Сегодня ночью думала о том, что самое страшное, это когда человек уже принадлежит не себе, а своему распаду».

«Поведение – это зеркало, в котором каждый показывает свое лицо». – Гете.

Если бы я часто смотрела в глаза Джоконде, я бы сошла с ума: она обо мне знает все, а я о ней ничего.

Ну и лица мне попадаются, не лица, а личное оскорбление!

В театр вхожу, как в мусоропровод: – фальшь, жестокость, лицемерие, ни одного честного слова, ни одного честного глаза! Карьеризм, подлость, алчные старухи!

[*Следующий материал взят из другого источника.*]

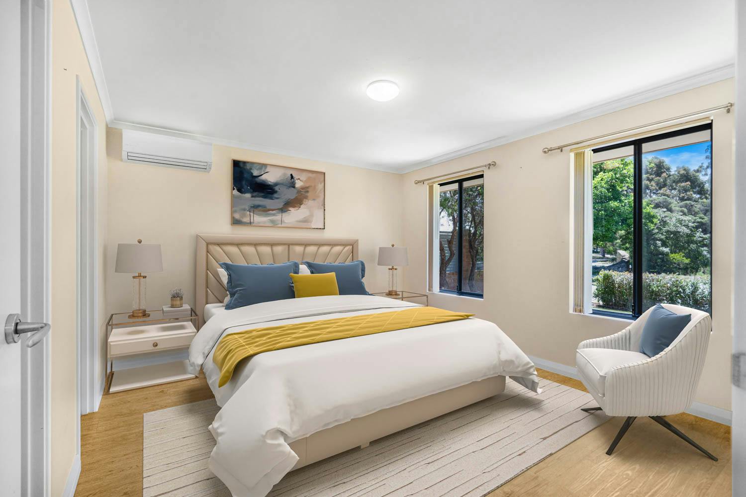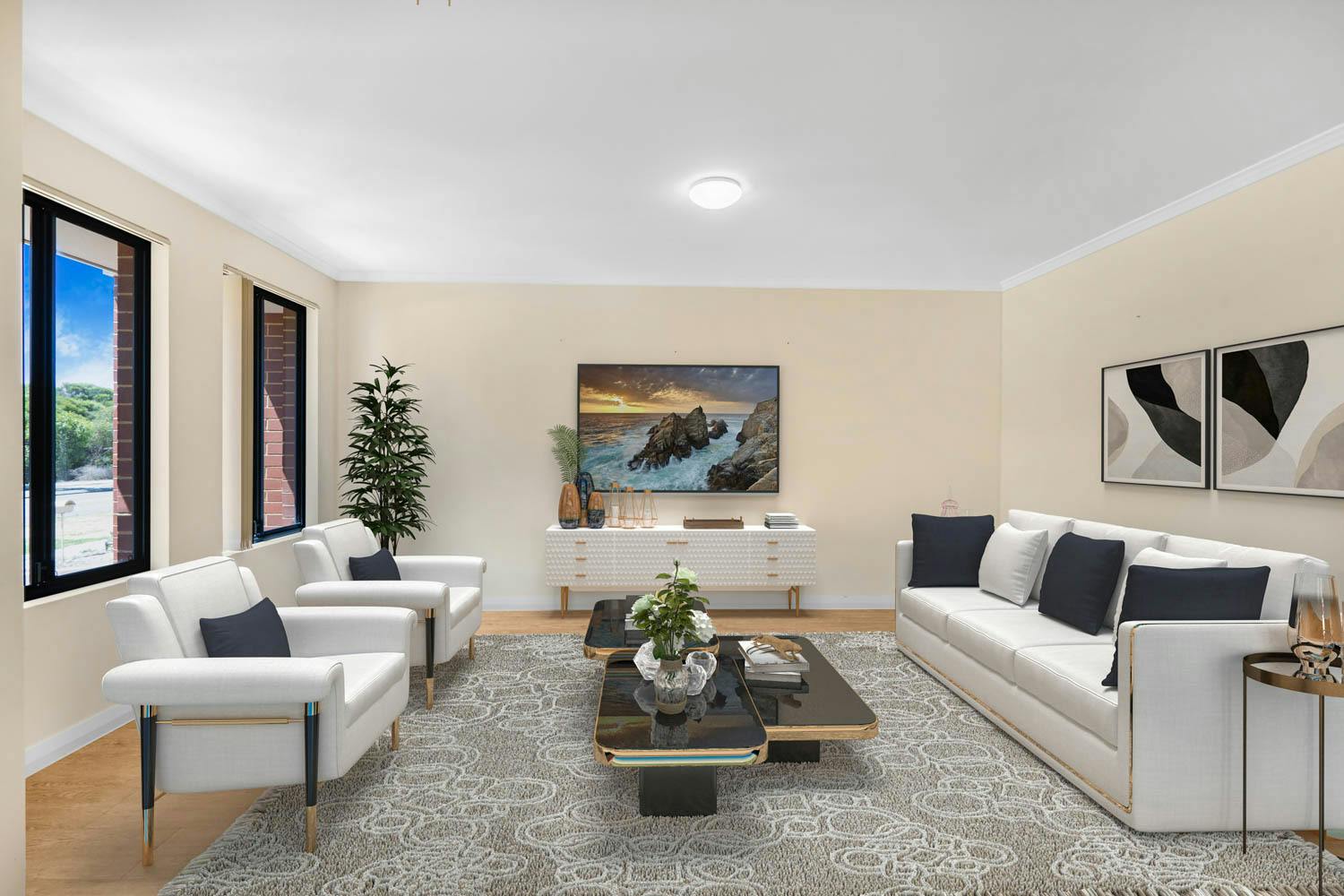 Directly facing the large parkland opposite, your street appeal is immediate, with your front garden tucked beyond a limestone wall and established hedging to enjoy that heightened standing, with easy upkeep synthetic lawn before the home, while your double remote garage sits to the side for secure vehicle parking. Your lounge awaits to the interior, with the timber vinyl flooring that extends throughout and a spacious design for relaxation, with your master suite positioned across the central hallway to enjoy those parkland views. An effective split system air conditioning unit ensures your well-being within, with a walk-in robe and an ensuite with a shower, lengthy vanity and WC.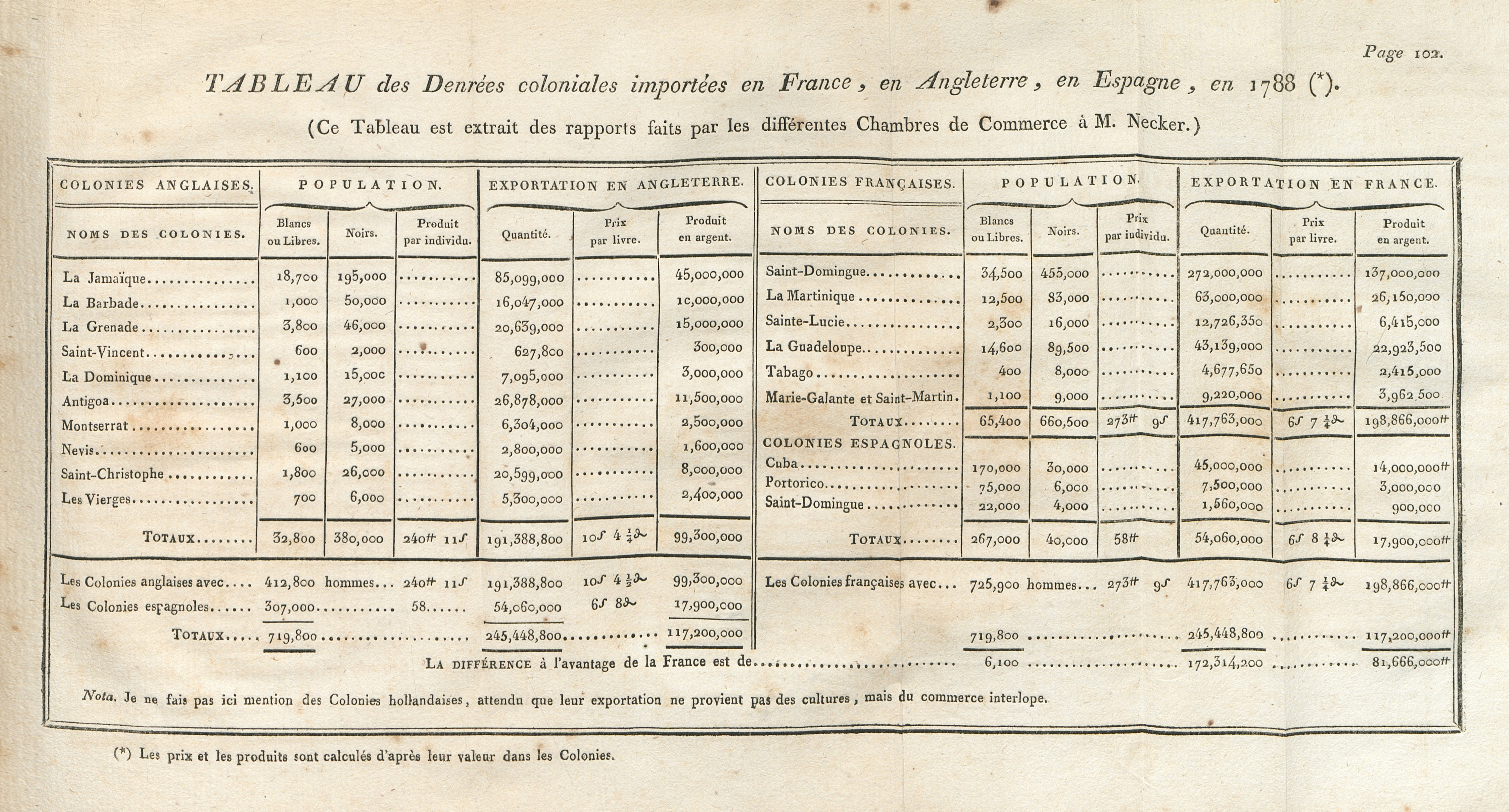 "Tableau des denrées coloniales importées en France, en Angleterre, en Espagne, en 1788 (*). (Ce tableau est extrait des rapports faits par les différentes chambres de commerce à M. Necker.)",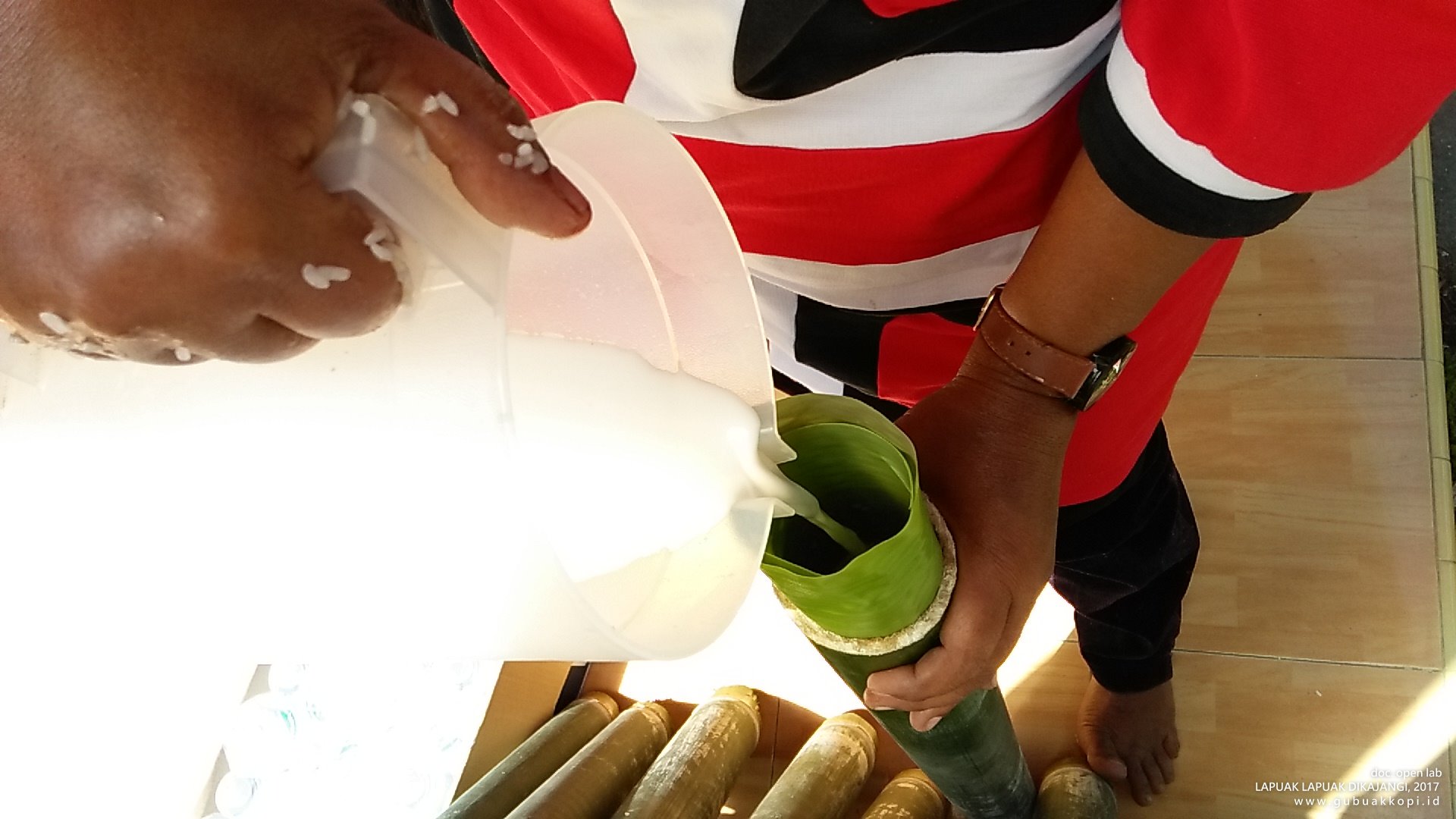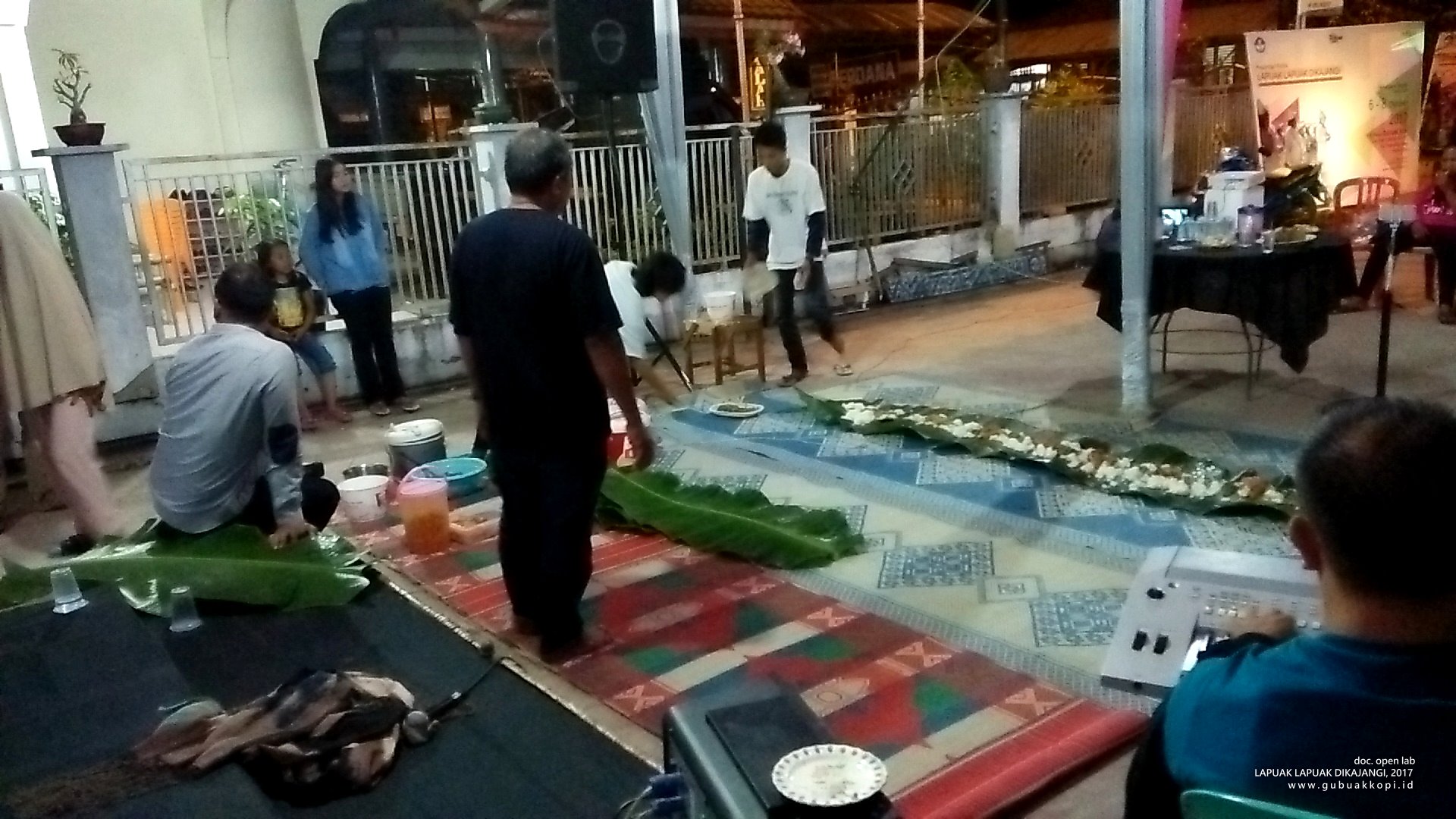 Aksi ‘makan baleak’ (makan bersama) di malam penutupan open lab: LAPUAK LAPUAK DIKAJANGI, 6-8 Oktober 2017, di Galeri Gubuak Kopi.
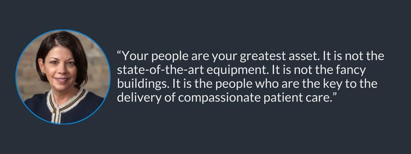 “As all of you know, your people are your greatest asset. It is not the state-of-the-art equipment. It is not the fancy buildings. It is the people who are the key to the delivery of compassionate patient care.” stated Nancy Shendell-Falik. “We are at a point where, by not being proactive, we risk staff satisfaction and engagement, which impacts patient care and staff retention. And when people leave, it’s disruptive to their environment, disruptive to the organization, [and] has a financial toll as recruiting and orienting new staff hits the budget.”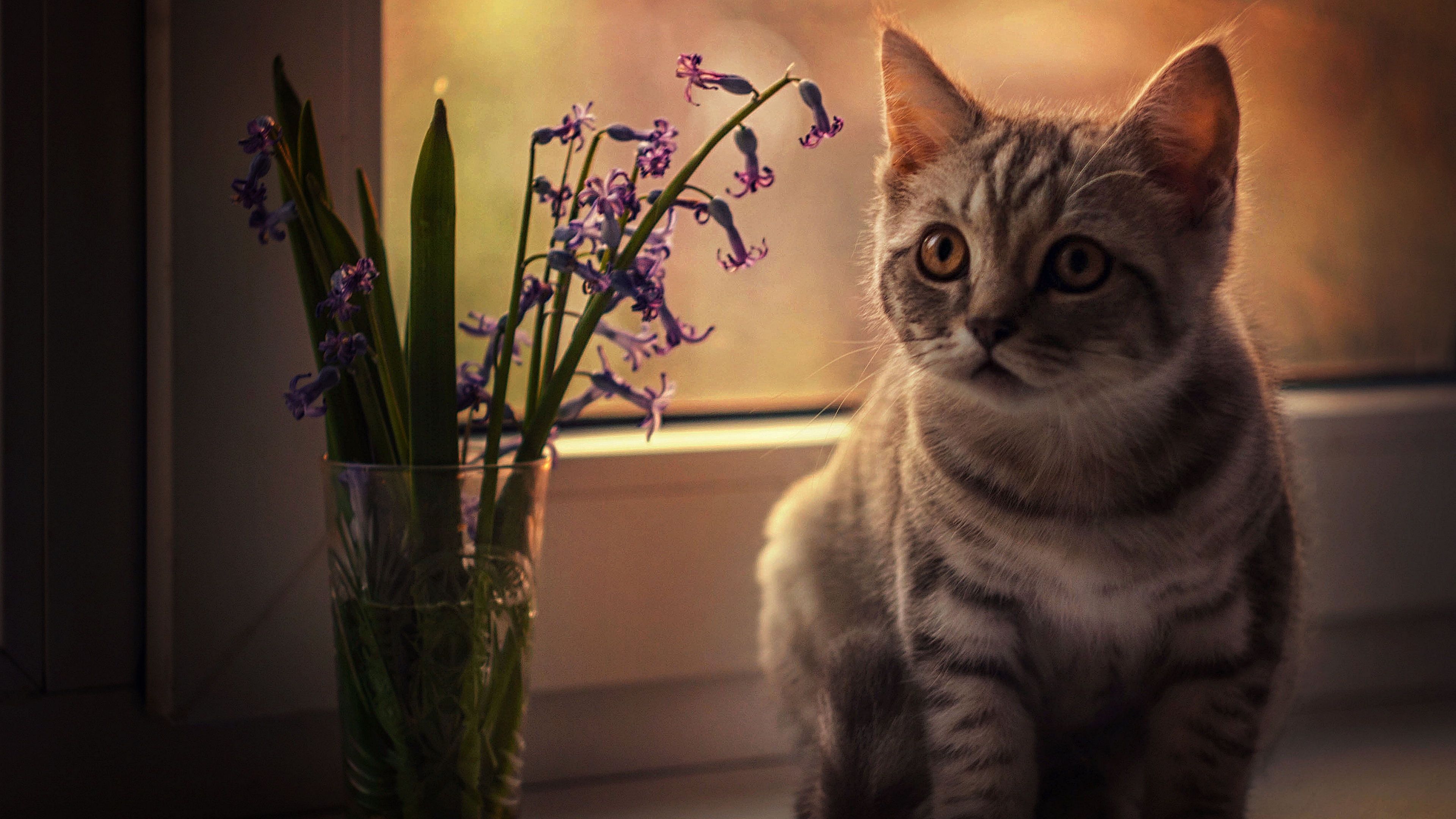 Description: A cat sitting next to a vase with flowers in it and a window behind it with a blurry background.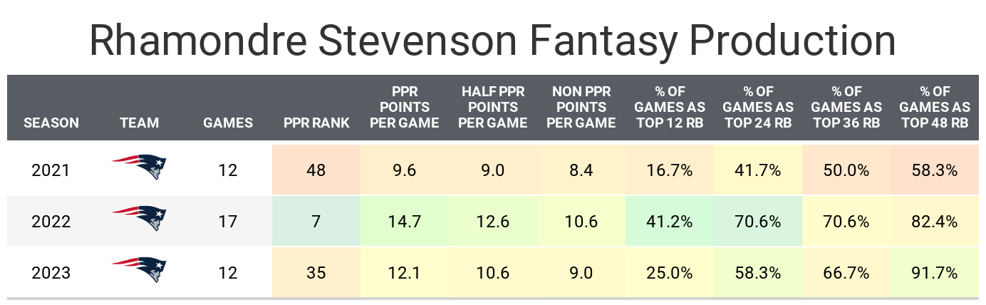 Stevenson didn’t quite live up to expectations last season with 12.1 fantasy points per game, but a lot of that had to do with the Patriots offense more so than Stevenson. The Patriots ran 98 plays in the red zone — 22 fewer than the next worst team. The quarterback situation should be a lot better this season, as well as the wide receivers. Ideally, the young offensive linemen can also improve, leading to more efficiency. At the very least, the Patriots still believe in Stevenson after recently signing a four-year, $36 million extension.

О Юрии Александровиче Завадском:

«Я знала его всю жизнь. Со времени, когда он только-только начинал, жизнь нас свела, и все время мы прошли рядом. И я грущу, тоскую о нем, мне жаль, что он ушел раньше меня. Я чувствую свою вину перед ним: ведь я так часто подшучивала над ним…»

«Паспорт человека – это его несчастье, ибо человеку всегда должно быть восемнадцать лет, а паспорт лишь напоминает, что ты не можешь жить, как восемнадцатилетний человек!»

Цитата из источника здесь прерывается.